Impacto cultural e social de sair do Brasil e chegar no mundo árabe
“Quando surgiu a proposta de ir para o Catar, em 2007, eu fiz uma pesquisa e conversei com a esposa de um profissional que já estava lá há muito tempo. A nossa comissão técnica no Al-Mesaimeer era inteira de brasileiros, o que facilitou tecnicamente. Apenas o treinador, Luiz Antônio Zaluar, tinha trabalhado no continente. Todos os outros membros nunca tinham saído do Brasil, então muita coisa nós descobrimos em conjunto. No Catar, não tive tantos problemas culturalmente. O povo tem seus costumes, o momento religioso e a questão das vestimentas, mas há muitas pessoas com o estilo parecido com o nosso. Não foi tão impactante, mas me preparou para o que viria a seguir, na Arábia Saudita, em 2009”.

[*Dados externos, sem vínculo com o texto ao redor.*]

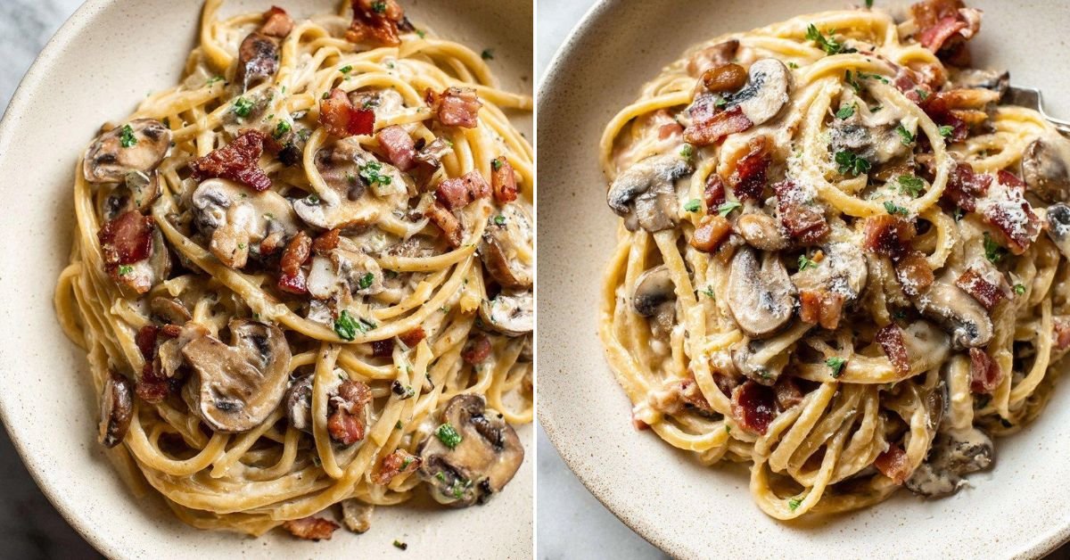 • 2 Easy Creamy Bacon Mushroom Pasta Recipe

Saída do Catar para a Arábia Saudita
“O contexto na Arábia Saudita foi completamente diferente. Eu fui para uma cidade muito pequena no interior, para trabalhar no Al-Raed, conhecida por ser muito religiosa. Consequentemente, tinha uma fiscalização muito grande, então eu não tinha muita liberdade. Eu conseguia fazer as coisas, mas não tinha tanta liberdade, como para ir a um shopping, por exemplo. Às vezes eu estava sem minha família e eles não gostavam de ver alguém sozinho. Não podia ir para a rua de bermuda, porque se houvesse alguma família no local, eles não achavam recomendável”.
“O que me dificultou muito também é que, por ser uma cidade mais de interior, o inglês não era um idioma de fácil acesso. O início de trabalho na equipe também foi complicado, já que não tinha um intérprete. No primeiro treino, eu comecei a dar instruções para os jogadores e percebi que eles não entendiam o que eu falava. Apenas um jogador falava inglês, em um elenco com 30 atletas. Ele foi me ajudando nessa adaptação”.
Mudança de patamar: de um time que brigava contra o rebaixamento para uma das maiores equipes da Ásia
“Eu cheguei na Coréia do Sul no início de 2011 para trabalhar como preparador físico do Jeonbuk Hyundai, após a indicação do agente de um jogador brasileiro que já conhecia meu trabalho. Eu ia receber menos, mas era um passo importante na minha carreira, já que eu estava indo para um dos melhores times da Ásia. Na primeira reunião que eu tive com o treinador, ele me falou que eu tinha sido contratado sem a vontade dele. O início de trabalho foi complicado, eu me sentia desprestigiado, apesar dos bons resultados em campo, e cheguei até a pedir rescisão de contrato. Eles não permitiram, me deram um tempo para relaxar e depois me ofereceram uma renovação. O trabalho seguiu e chegamos nas finais do campeonato nacional e da Liga dos Campeões Asiática, um feito inédito. O treinador, inclusive, elogiou o meu trabalho em uma entrevista em uma das maiores emissoras locais. Nós acabamos vencendo a liga e perdendo a final da Champions”.
“Eu fiquei no clube até 2017, chegando a assumir o comando do time por um período em 2013, quando o treinador passou um período comandando a seleção da Coréia do Sul. Em 2014, eu passei de preparador físico para auxiliar-técnico. Conquistamos o Sul-Coreano em mais três oportunidade e a Champions League da Ásia uma vez”.
Respeito dos chineses pelos profissionais brasileiros
“Eles respeitam demais os brasileiros. Falam sempre bem do Hulk, do Oscar. A gente sempre tinha também uma preocupação muito grande quando jogava contra o Renato Augusto. Ele é fantástico, é um jogador muito diferente. Não é na ação, mas no pensamento. É bonito de vê-lo jogar. Tem também o Paulinho no Guangzhou Evergrande. O que ele joga é brincadeira, um fenômeno”.